Minor pairs (also called cross currency pairs) don’t include the US dollar but still involve strong global currencies.
🧾 Common Minor Pairs:
- EUR/GBP – Euro / British Pound
- EUR/JPY – Euro / Japanese Yen
- GBP/JPY – British Pound / Japanese Yen
- CHF/JPY – Swiss Franc / Japanese Yen
- AUD/NZD – Australian Dollar / New Zealand Dollar
✅ Characteristics:
- Moderately liquid
- Wider spreads than majors
- More volatile often impacted by regional news or economic reports
These are ideal if you want to diversify beyond USD or take advantage of unique economic situations between two strong currencies.
3. Exotic Currency Pairs

Exotic pairs include one major currency and one from a developing or smaller economy like Mexico, South Africa, or Thailand.

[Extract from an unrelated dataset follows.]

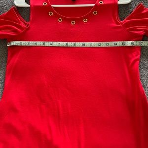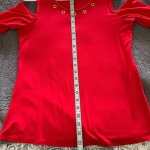 Beautiful red “cold shoulder” red top with gold accents. Excellent condition

🧾 Examples of Exotic Pairs:
- USD/TRY – US Dollar / Turkish Lira
- EUR/ZAR – Euro / South African Rand
- USD/THB – US Dollar / Thai Baht
- USD/SGD – US Dollar / Singapore Dollar
⚠️ Characteristics:
- Low liquidity
- High spreads and slippage
- Highly sensitive to political and economic instability
- Not beginner-friendly
📉 Pro Tip: Exotic pairs can offer big moves but also big risks. Always manage position sizes carefully and use stop-loss orders.

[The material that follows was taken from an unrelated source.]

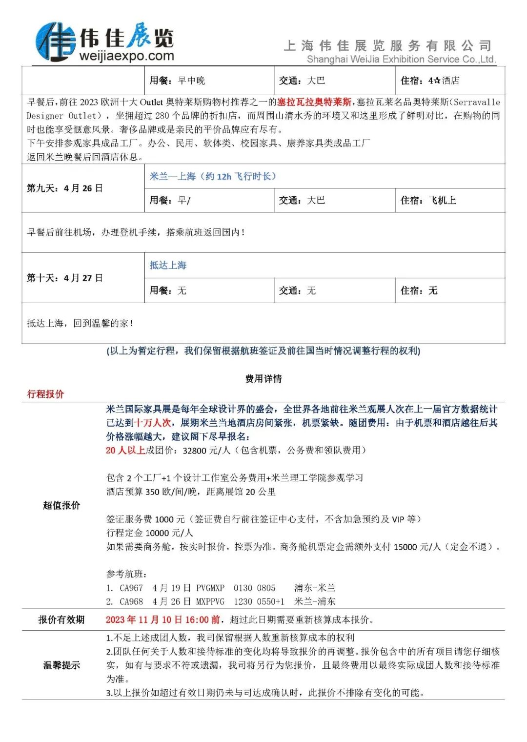 目前行程为预计行程,最终行程以实际形况调整。

How to Choose Which Pairs to Trade

Choosing the right pairs depends on your:
- Experience level – Start with majors if you’re new
- Strategy – Some pairs trend better; others range
- Risk tolerance – Exotic pairs carry more unpredictability
- Trading session – EUR/GBP is more active during London hours; USD/JPY during Asian + US overlap
Also, consider your broker’s spread and execution quality. Here’s a tip on mastering the 3% rule to protect your capital when exploring volatile pairs.
Final Thoughts

Understanding the differences between major, minor, and exotic currency pairs helps you make smarter decisions as a trader. Each type comes with its own set of opportunities and risks, and the “best” pair depends on your goals, strategy, and market experience.
As a beginner, sticking to the majors can help you learn the ropes with lower trading costs. As your confidence grows, exploring minors and even selected exotics can help diversify your trading portfolio.